When we got to the ER it was immediately apparent that *something* was wrong.  An initial EKG showed my heart rate between 30-15 beats per minute while my blood pressure was soaring somewhere above 170/120.  Based on how fast the nurse excused herself from the room, I knew it couldn't be good.  They immediately ordered an ultrasound of my legs and a CT scan of my chest.  (Meltdown #1 for Mandy came as the doctor told me I wouldn't be able to nurse the baby "for a couple of days" because of the contrast dye used in the CT scan.)  Both tests came back showing an absence of blood clots -- which was the initial concern -- but instead showed a significant amount of fluid around my lungs and heart.

The not-so-good-with-his-bedside-manner ER doc came into the room to tell us the diagnosis was postpartum cardiomyopathy and I was going to be admitted to the hospital for care.  

Postpartum cardiomyopathy occurs when there is damage to the heart. As a result, the heart muscle becomes weak and cannot pump blood efficiently. Decreased heart function affects the lungs, liver, and other body systems.

His explanation of the condition was brief, generating more questions and alarm than anything else (que meltdown #2 for Mandy as he left the room).  At this point a flurry of activity began -- the nurse came in to give me some diuretics to start draining fluid, a tech came in to talk about the echocardiogram she was about to do and the baby woke up (she'd been asleep through all of this so far) with full fledged wails of hunger.  Thankfully the ER staff was completely understanding of the situation and went on a mission to get us some formula from the Women's and Infants Center as we had none packed in the diaper bag.

A couple hours later I was settled into a room in the cardiac unit and was trying to process what was happening.  C had left with the baby to go get KT, the longest echo in the world had been performed (the combination of heavy duty diuretics causing me to need to pee every 8 minutes and the tech being trained by the service rep on how to run the new echo machine meant a 20 minute echo took us almost 90) and meltdown numbers 3, 4 and 5 and subsided.

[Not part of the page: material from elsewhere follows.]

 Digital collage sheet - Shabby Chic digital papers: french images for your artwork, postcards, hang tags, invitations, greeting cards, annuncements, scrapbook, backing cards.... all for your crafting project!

A meeting with my newly appointed cardiologist put some of my fears to rest and a hope that there would be no permanent damage.

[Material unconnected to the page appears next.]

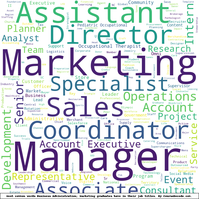 Here is a visual representation of the most common words in job titles for Business Administration, Marketing graduates:
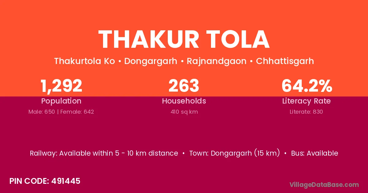 Bodla (25 km) is the nearest town to Thakur Tola village for major economic activities and is located approximately 25 km away.

Twenty-four hours after diagnosis I was once again kicked loose to settle back in at home with strict instructions on monitoring myself and severely limiting activity.

Over the last month I've undergone a series of bloodwork, another echo and follow up appointments with the cardiologist.  Thankfully my heart function is returning to  normal and the doctor has stated there is "nothing to be concerned with" at this point.  

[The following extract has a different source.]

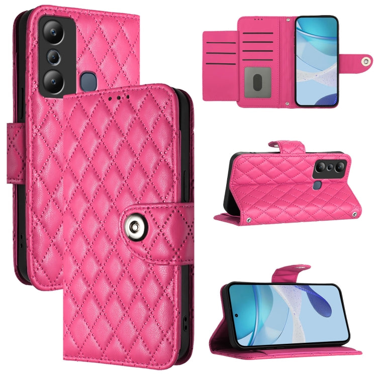 Funda de Cuero para Infinix Smart 7 HD con Tapa Textura Rombal y Cordón (Rojo Rosa)

And so it appears (although we had already made the decision due to the reoccuring hyperemesis and 25+ weeks with a PICC-line) that our family of 4 will stand solid, unchanging in number as our future unfolds.  I was adamant that we were done after this pregnancy as it was but the possibility of the myopathy coming back and causing irreversible damage, or possible heart failure, is certainly not worth tempting fate.